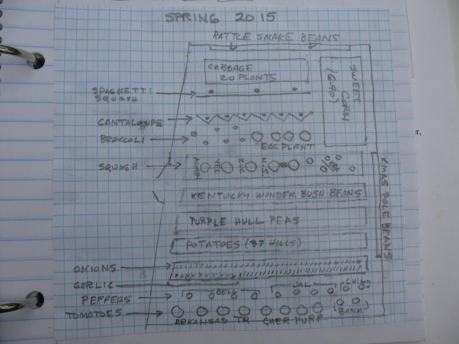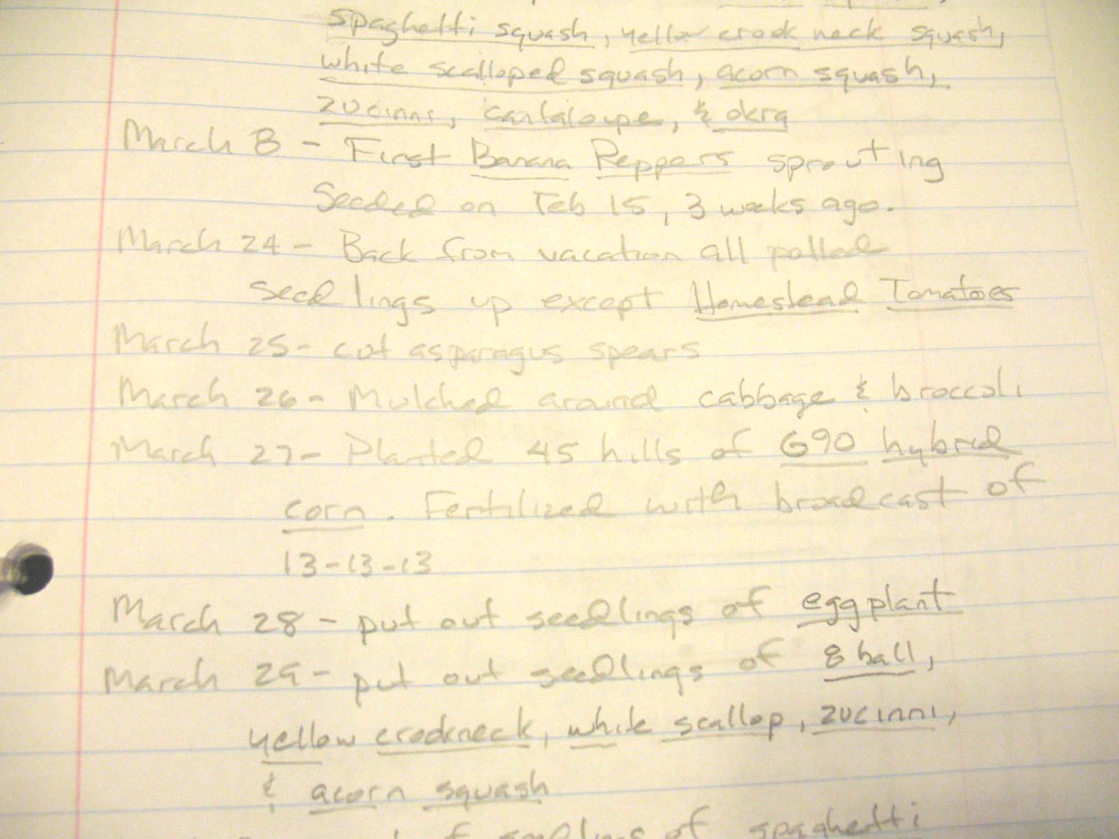 In the spiral notebook I keep a day to day record of what varieties I have planted, when I planted them, when they sprouted, etc. I also include a scale drawing of my garden and where everything is planted. This helps me rotate crops, and plan my companion planting. I will update the garden diagram in mid-summer and fall as I replant.
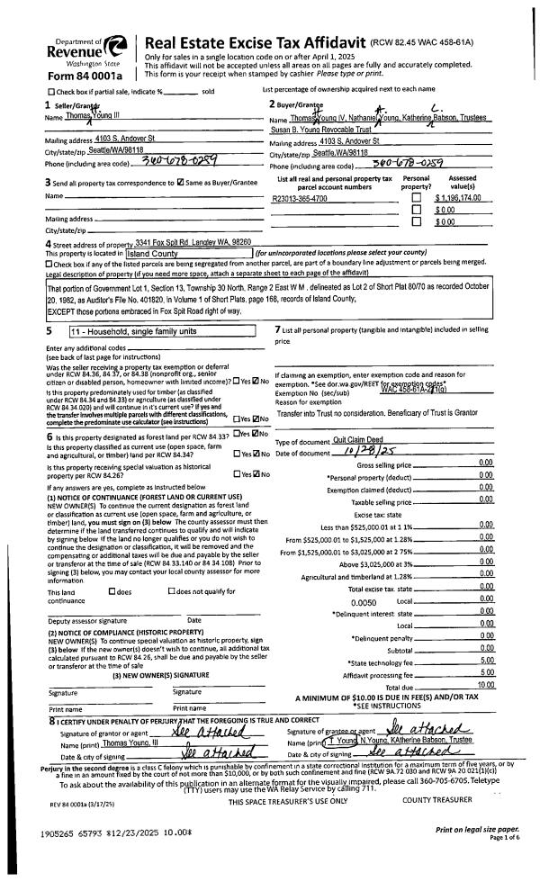 | 1 | 10/28/2025 | QCD | Quit Claim Deed | YOUNG III, THOMAS H | THOMAS H YOUNG III REVOCABLE TRUST | | | $0.00 | 65793 | 4594978 |
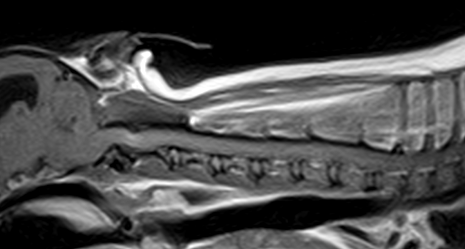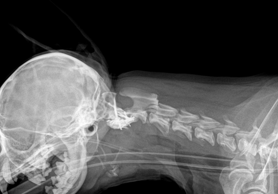 かかりつけの先生から、3歳のチワワが悲鳴をあげて、首を痛がり、歩けなくなっているので、すぐにMRIを撮って原因を調べて必要があれば手術をして欲しいと連絡がありました。すぐに来院され、神経学的な検査とCT・MRIを実施したところ、環椎と軸椎の不安定症が原因とわかりました。すぐに頸部にコルセットを着用し、状態を安定化しました。翌日には小康状態を得ていたので、環軸固定術を行いました。
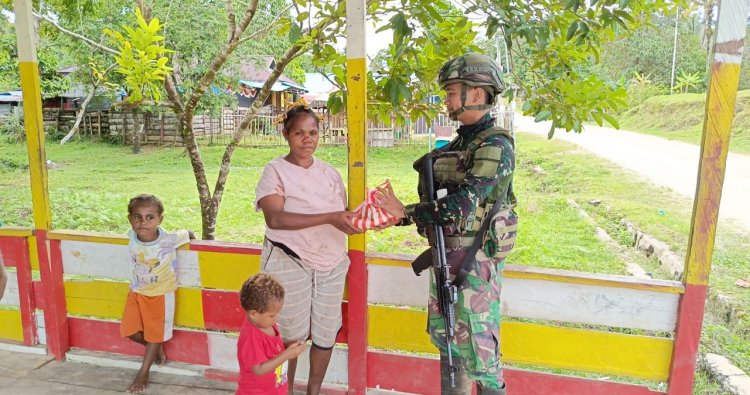 MAYBRAT - Di tengah hiruk pikuk tugas pengamanan perbatasan, prajurit Marinir dari Satgas Pamtas RI–PNG Mobile Yonif 10/SBY menyisihkan waktu untuk menyentuh hati warga. Pada Minggu (4/1/2026), usai khidmatnya ibadah Minggu, suasana hangat menyelimuti Kampung Kamat, Kabupaten Maybrat, Papua Barat Daya. Bukan dengan senjata, namun dengan bingkisan sembako, para prajurit menunjukkan sisi humanis mereka.

What to do
Could you output the lines above exactly, with no pictures included?

Answer box
 In the spiral notebook I keep a day to day record of what varieties I have planted, when I planted them, when they sprouted, etc. I also include a scale drawing of my garden and where everything is planted. This helps me rotate crops, and plan my companion planting. I will update the garden diagram in mid-summer and fall as I replant.
 | 1 | 10/28/2025 | QCD | Quit Claim Deed | YOUNG III, THOMAS H | THOMAS H YOUNG III REVOCABLE TRUST | | | $0.00 | 65793 | 4594978 |
 かかりつけの先生から、3歳のチワワが悲鳴をあげて、首を痛がり、歩けなくなっているので、すぐにMRIを撮って原因を調べて必要があれば手術をして欲しいと連絡がありました。すぐに来院され、神経学的な検査とCT・MRIを実施したところ、環椎と軸椎の不安定症が原因とわかりました。すぐに頸部にコルセットを着用し、状態を安定化しました。翌日には小康状態を得ていたので、環軸固定術を行いました。
 MAYBRAT - Di tengah hiruk pikuk tugas pengamanan perbatasan, prajurit Marinir dari Satgas Pamtas RI–PNG Mobile Yonif 10/SBY menyisihkan waktu untuk menyentuh hati warga. Pada Minggu (4/1/2026), usai khidmatnya ibadah Minggu, suasana hangat menyelimuti Kampung Kamat, Kabupaten Maybrat, Papua Barat Daya. Bukan dengan senjata, namun dengan bingkisan sembako, para prajurit menunjukkan sisi humanis mereka.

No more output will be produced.